_Task to carry out_
Output the listing below exactly, minus its images.

################

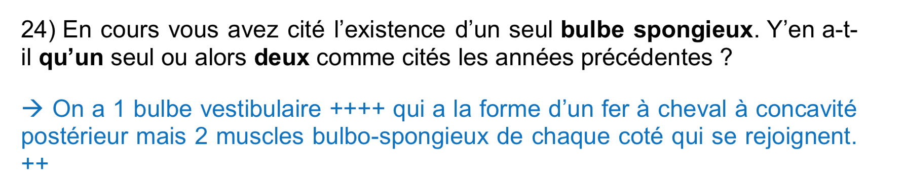 mais y a un item qui est compté juste ou il y a écrit "Le clitoris et les bulbes vestibulaires constituent les corps érectiles de la femme" or ça présuppose qu'il y en aurait deux...
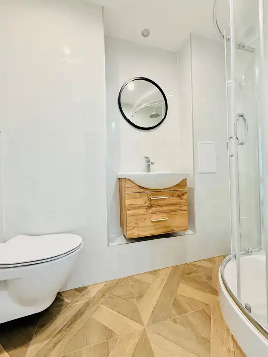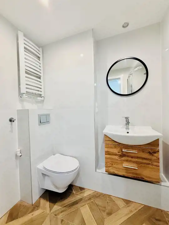 - Łazienka z WC – wyposażona w nowoczesną armaturę
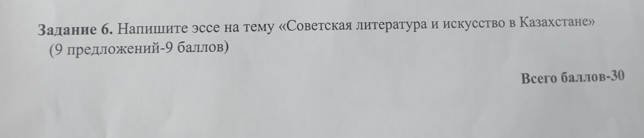 Напишите эссе на тему "Советская литература и искусство в Казахстане", 9 предлажений. Без спама.
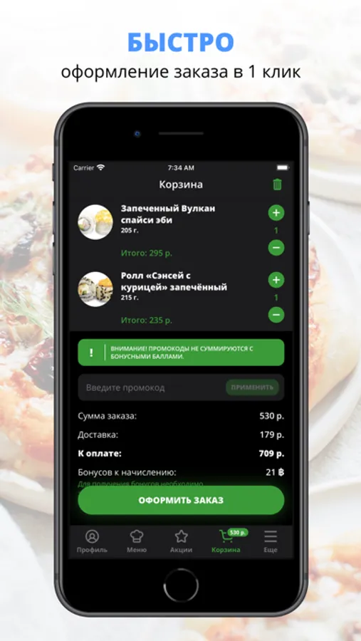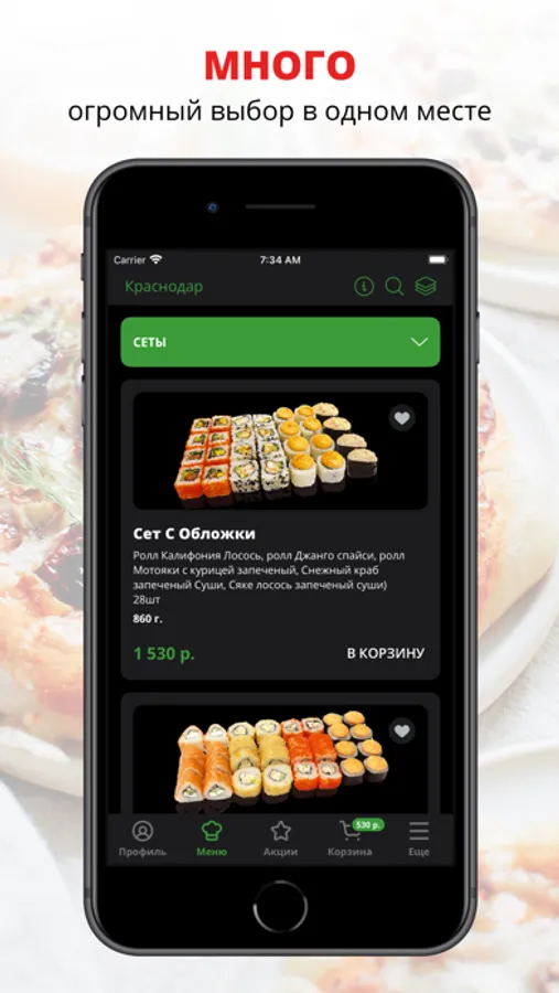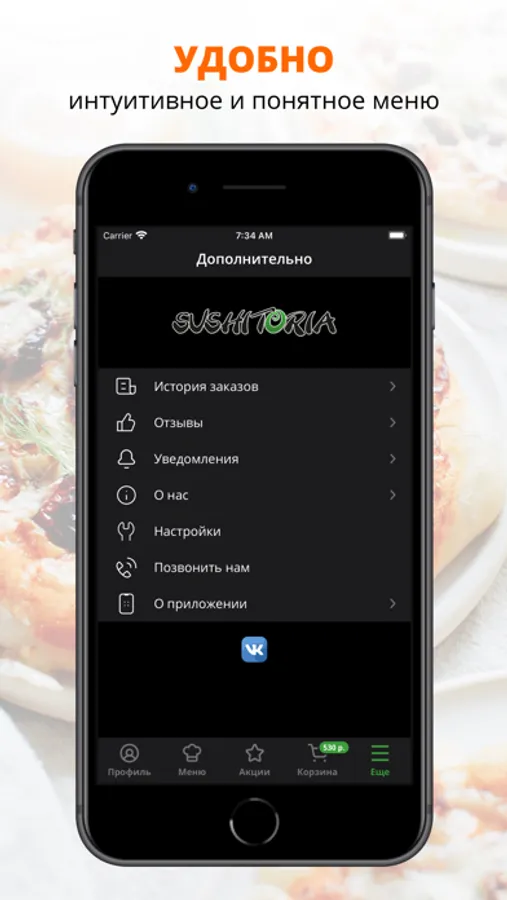 Мобильное приложение Сушитории — это понятный интерфейс, яркое меню, выбор блюд на любой вкус, удобный сервис в твоем телефоне.
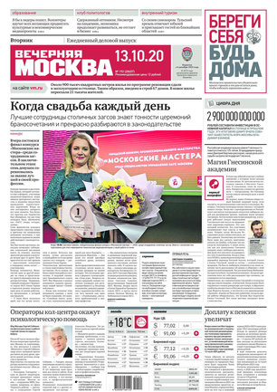 «Вечерняя Москва» — ежедневная российская вечерняя газета, старейшее из вечерних изданий в России, учрежденное в 1923 году. Выходит пять дней в неделю, кроме субботы и воскресенья. Отличается тем, что рассказывает о событиях еще не завершившегося дня. Оперативно освещает хронику и особенности жизни Москвы, охватывает все слои общества и большинство профессиональных и возрастных групп читателей.Издание представлено тремя выпусками – утренним ежедневным, вечерним (выходит три раза в неделю), еженедельным (выходит по четвергам).
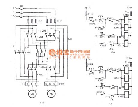 Figure (a) shows the main circuit; Figure (b) is a control circuit of M1 ; Figure (c) is a control circuit of M2. Motor M1 is controlled by KM11, KM12, KM13 and KT1; motor M2 is controlled by KM21, KM22, KM23 and KT2. In order to ensure two electric motors can start at the different time, it is setting the interlock circuit.
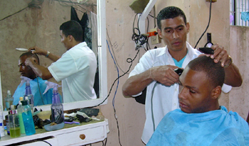 在古巴從事理發(fā)的個(gè)體經(jīng)營者。記者 殷永建
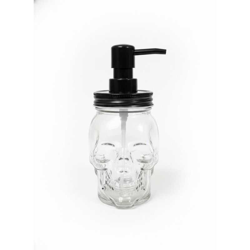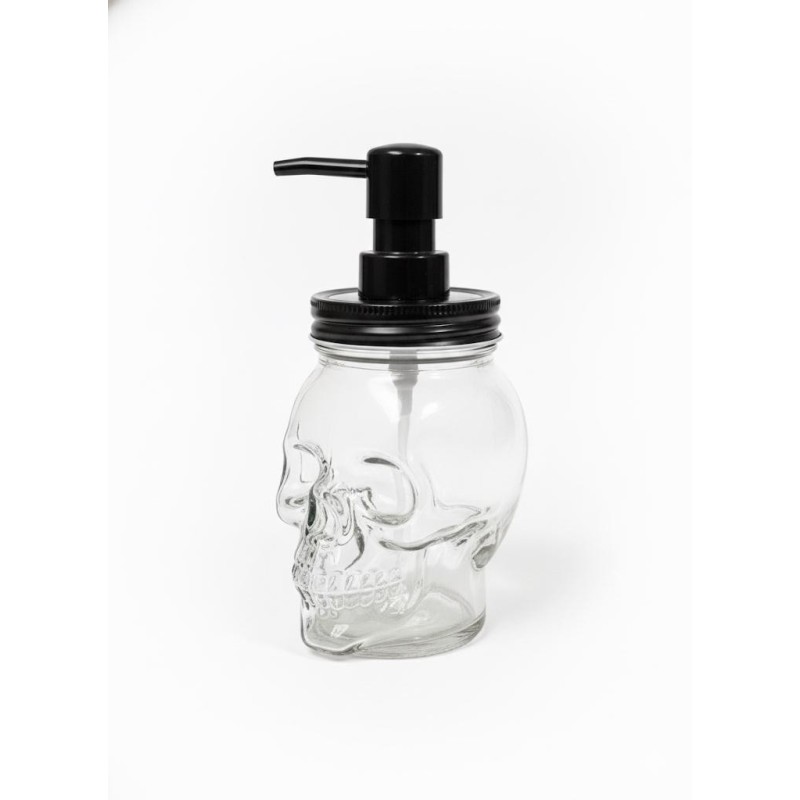 • Distributeur de savon moderne en verre transparent, design crâne tendance et décoratif.

################

_Result of the task_
 mais y a un item qui est compté juste ou il y a écrit "Le clitoris et les bulbes vestibulaires constituent les corps érectiles de la femme" or ça présuppose qu'il y en aurait deux...
 - Łazienka z WC – wyposażona w nowoczesną armaturę
 Напишите эссе на тему "Советская литература и искусство в Казахстане", 9 предлажений. Без спама.
 Мобильное приложение Сушитории — это понятный интерфейс, яркое меню, выбор блюд на любой вкус, удобный сервис в твоем телефоне.
 «Вечерняя Москва» — ежедневная российская вечерняя газета, старейшее из вечерних изданий в России, учрежденное в 1923 году. Выходит пять дней в неделю, кроме субботы и воскресенья. Отличается тем, что рассказывает о событиях еще не завершившегося дня. Оперативно освещает хронику и особенности жизни Москвы, охватывает все слои общества и большинство профессиональных и возрастных групп читателей.Издание представлено тремя выпусками – утренним ежедневным, вечерним (выходит три раза в неделю), еженедельным (выходит по четвергам).
 Figure (a) shows the main circuit; Figure (b) is a control circuit of M1 ; Figure (c) is a control circuit of M2. Motor M1 is controlled by KM11, KM12, KM13 and KT1; motor M2 is controlled by KM21, KM22, KM23 and KT2. In order to ensure two electric motors can start at the different time, it is setting the interlock circuit.
 在古巴從事理發(fā)的個(gè)體經(jīng)營者。記者 殷永建
 • Distributeur de savon moderne en verre transparent, design crâne tendance et décoratif.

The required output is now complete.